How to make the Tau function odd

[napoleon67]

Homework Statement

What are the necessary conditions on n for T(n) {the Tau function} to be odd.

Homework Equations

Tau function counts the number of divisors of n
T(1) = 1, T(p) = 2, and T(p^k) = k + 1

The Attempt at a Solution

I have that n cannot be prime, also if n = p^k then k must be even or of the from k = 2c for some c > 0.

I cannot figure out how to describe evens with were are multiple primes such as 1x3x7x8 = 231. That number has an even number of divisors but I'm and lost at how to prevent that.

 

[matt grime]

I don't understand why k is even OR k=2c. Those are identical conditions...What is T(xy) for x,y coprime?

 

[napoleon67]

I meant k is even i.e k =2c... I was just adding more definition.

T(xy) for x,y is coprime is an even number of divisors. Thanks.

 

[AKG]

I meant k is even i.e k =2c... I was just adding more definition.

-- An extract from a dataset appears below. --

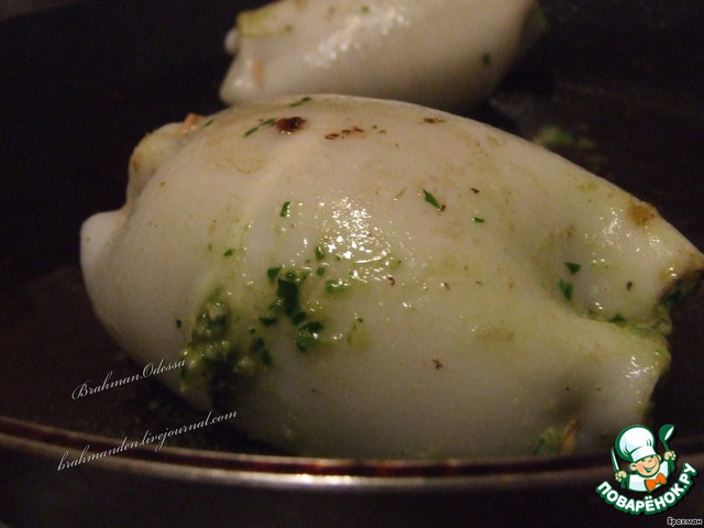 Рецепт «Кальмар с сыром и шпинатной начинкой»:

T(xy) for x,y is coprime is an even number of divisors. Thanks.

No, that's not right.

 

[napoleon67]

T(xy) for x,y is coprime means T(x)T(y)

 

[napoleon67]

Is is sufficient to say that T(n) is only odd when n is a perfect square?

 

[AKG]

T(n) is odd if and only if n is a perfect square. Can you prove it?

 

[napoleon67]

I was just supposed to make a conjecture, but I'll try to work on a proof

 

[napoleon67]

Assume that n is an odd tau number. Let n = p^a1*p^a2...* p^ak. By the definition of tau number (a1 + 1)(a2 + 1)(a3 + 1)... (ak + 1) | n. Therefore for any 0 < i < k + 1, ai + 1 is odd, and hence ai is even. Since every prime in the factorization of n is raised to an even power, n is a perfect square.

 

[AKG]

Assume that n is an odd tau number. Let n = p^a1*p^a2...* p^ak. By the definition of tau number (a1 + 1)(a2 + 1)(a3 + 1)... (ak + 1) | n.

What you meant to say was

$$(a_1 + 1)(a_2 + 1)(a_3 + 1)\dots (a_k + 1) = \tau (n)$$

not

$$(a_1 + 1)(a_2 + 1)(a_3 + 1)\dots (a_k + 1) | n$$

Therefore for any 0 < i < k + 1, ai + 1 is odd, and hence ai is even. Since every prime in the factorization of n is raised to an even power, n is a perfect square.

The question only asked you to find a necessary condition, and you've done this. But the stuff you've said above goes both ways, so it's actually a sufficient condition as well.